> REQUIREMENT
Pictures in the entries below are excluded; copy only the lines from the one containing "This tendon attaches" to the one containing "When I see an", both included.

> DATASET RECORDS

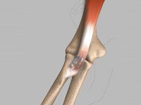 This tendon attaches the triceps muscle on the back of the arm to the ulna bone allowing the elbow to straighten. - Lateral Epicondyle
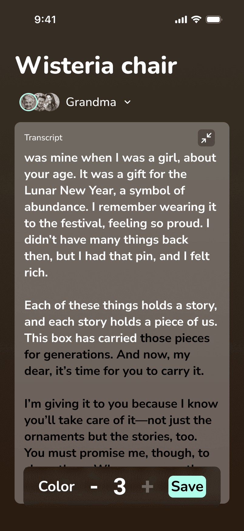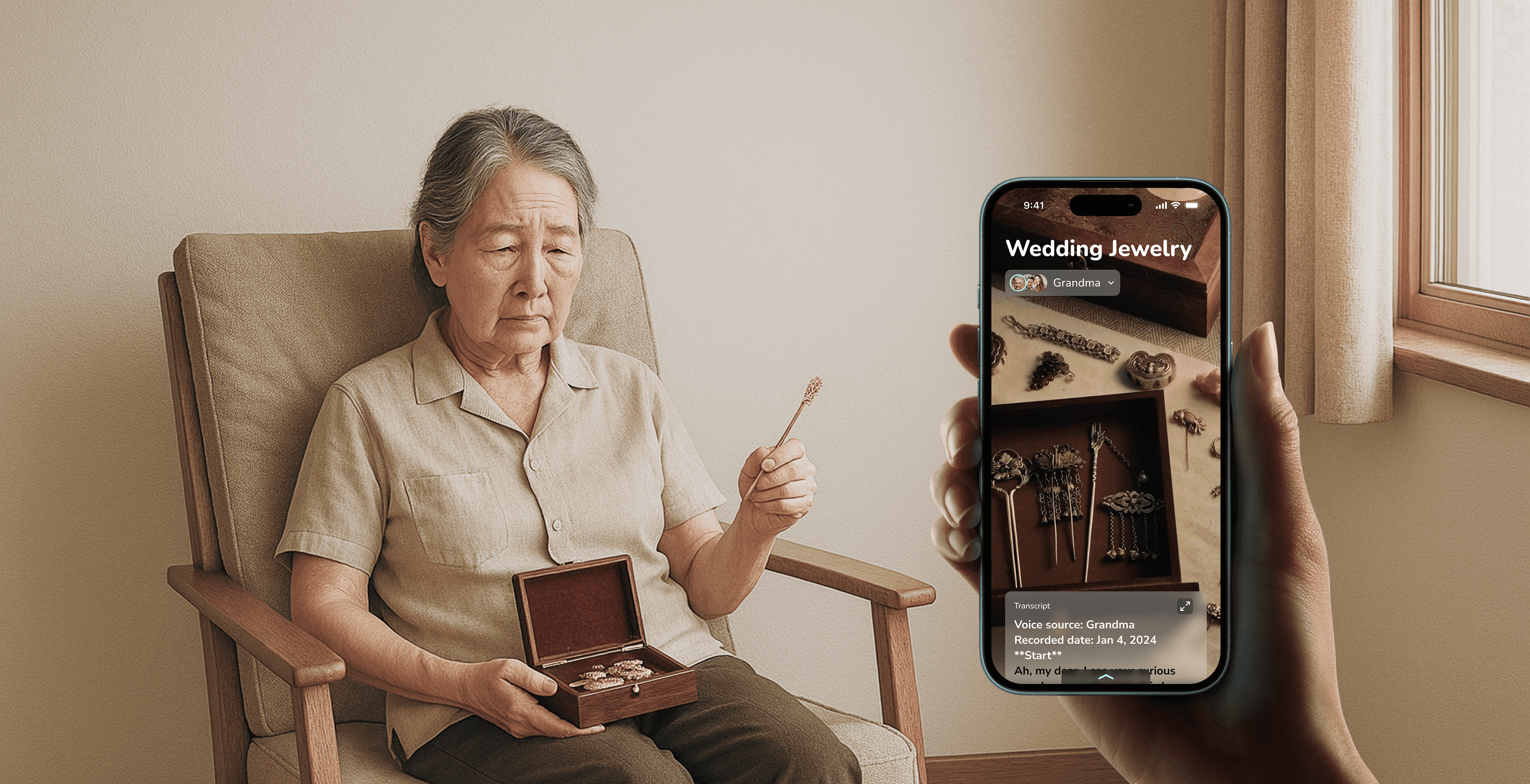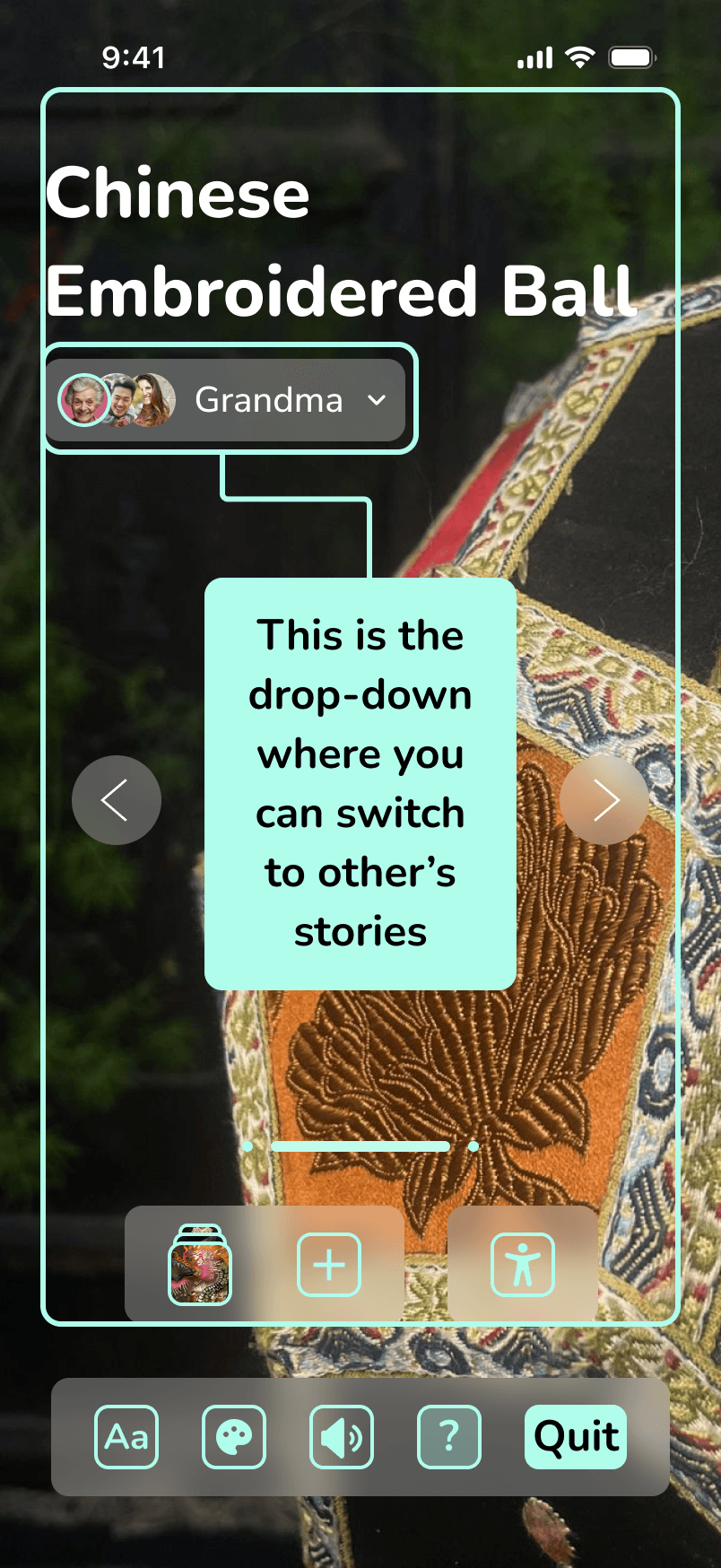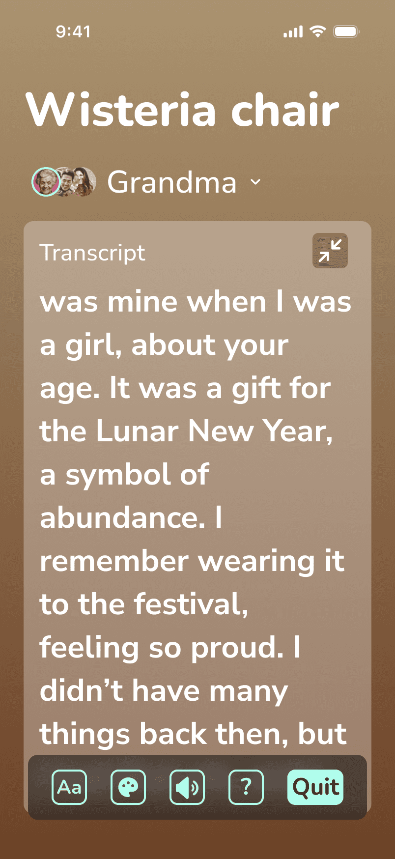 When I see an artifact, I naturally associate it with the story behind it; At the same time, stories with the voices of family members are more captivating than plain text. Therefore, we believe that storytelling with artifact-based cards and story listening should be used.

==

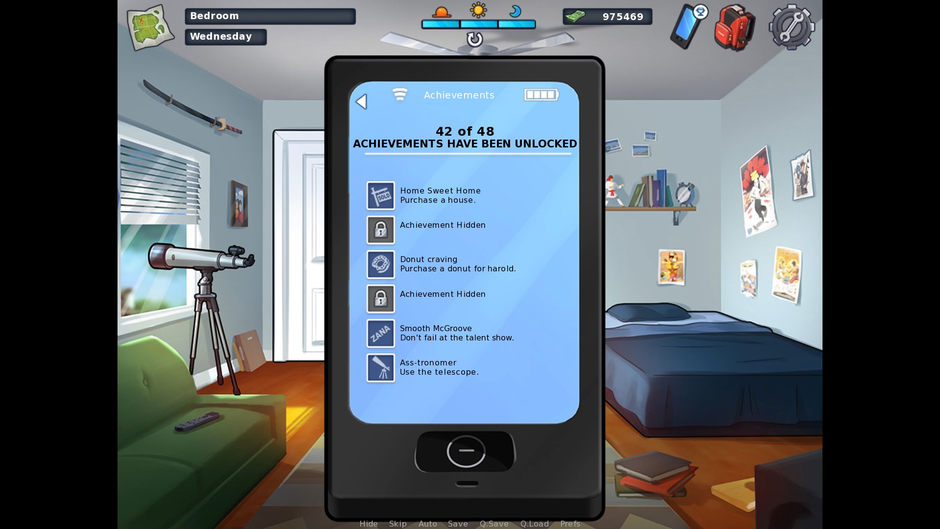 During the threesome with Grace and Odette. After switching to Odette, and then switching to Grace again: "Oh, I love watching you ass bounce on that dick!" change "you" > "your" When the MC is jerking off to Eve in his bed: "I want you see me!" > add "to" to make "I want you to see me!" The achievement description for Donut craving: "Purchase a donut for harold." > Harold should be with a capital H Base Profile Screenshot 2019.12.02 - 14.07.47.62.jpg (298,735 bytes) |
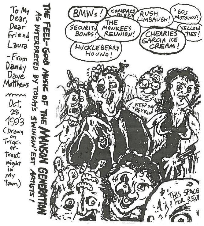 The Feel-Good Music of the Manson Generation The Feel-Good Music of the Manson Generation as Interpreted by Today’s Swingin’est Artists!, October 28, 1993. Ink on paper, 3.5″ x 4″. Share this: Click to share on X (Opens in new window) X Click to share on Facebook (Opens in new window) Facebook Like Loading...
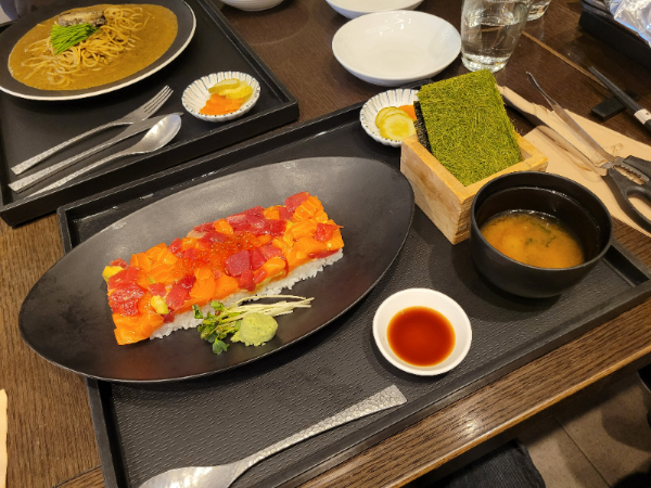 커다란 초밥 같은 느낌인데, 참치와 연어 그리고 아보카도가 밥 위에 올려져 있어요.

==

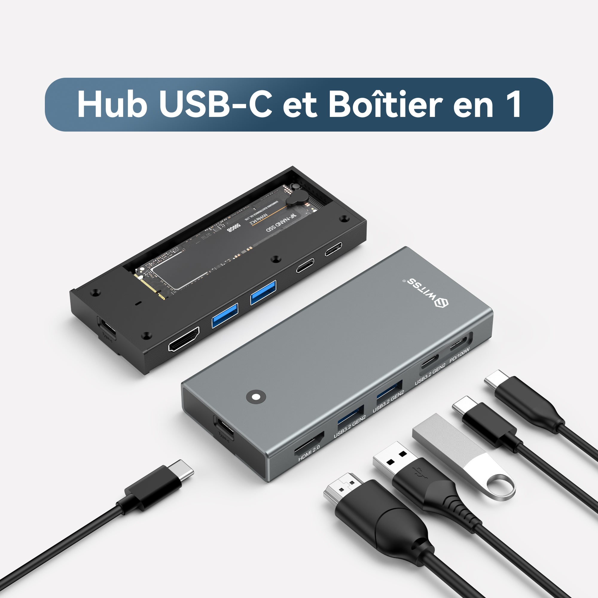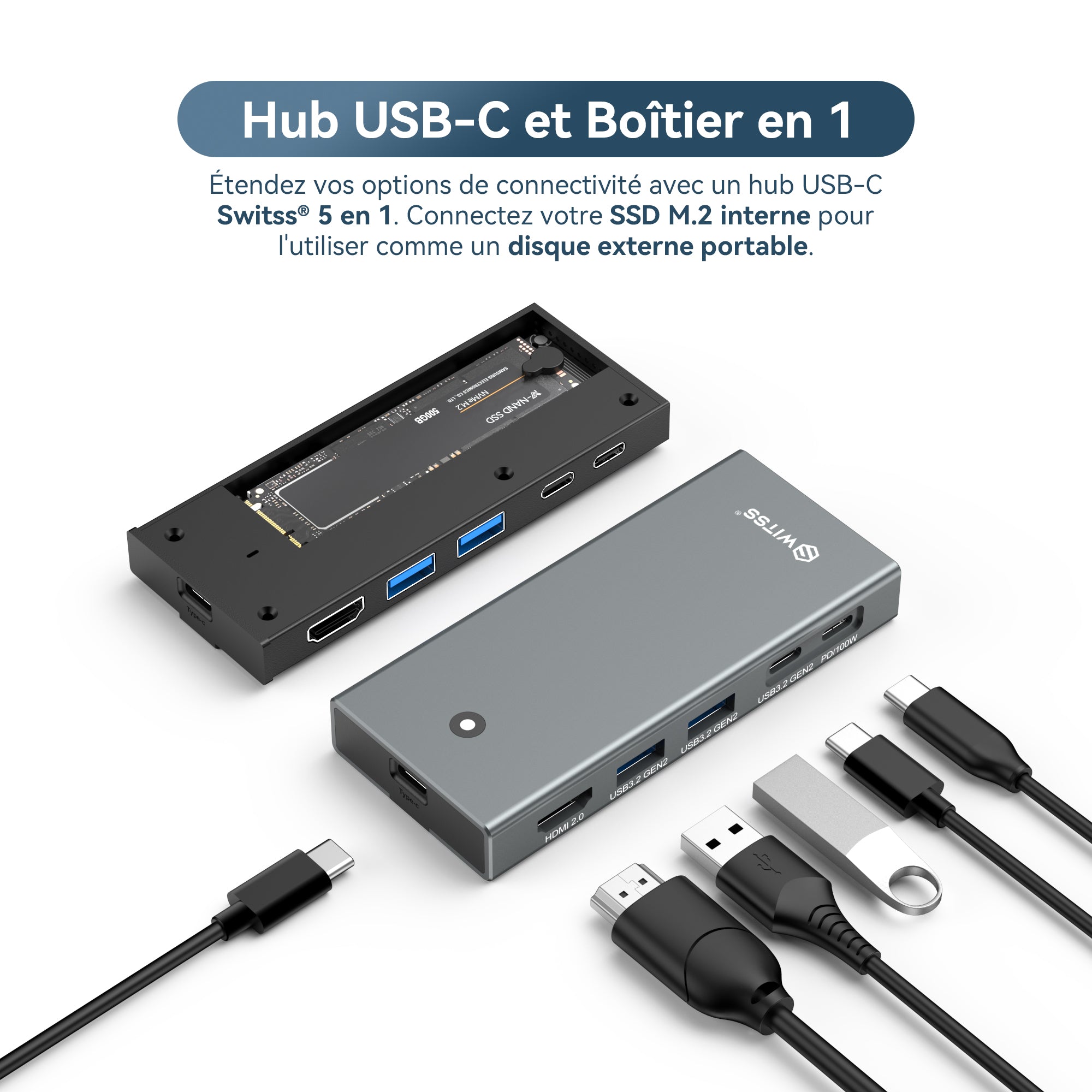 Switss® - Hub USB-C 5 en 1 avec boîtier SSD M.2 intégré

> WRITTEN ANSWER
 This tendon attaches the triceps muscle on the back of the arm to the ulna bone allowing the elbow to straighten. - Lateral Epicondyle
 When I see an artifact, I naturally associate it with the story behind it; At the same time, stories with the voices of family members are more captivating than plain text. Therefore, we believe that storytelling with artifact-based cards and story listening should be used.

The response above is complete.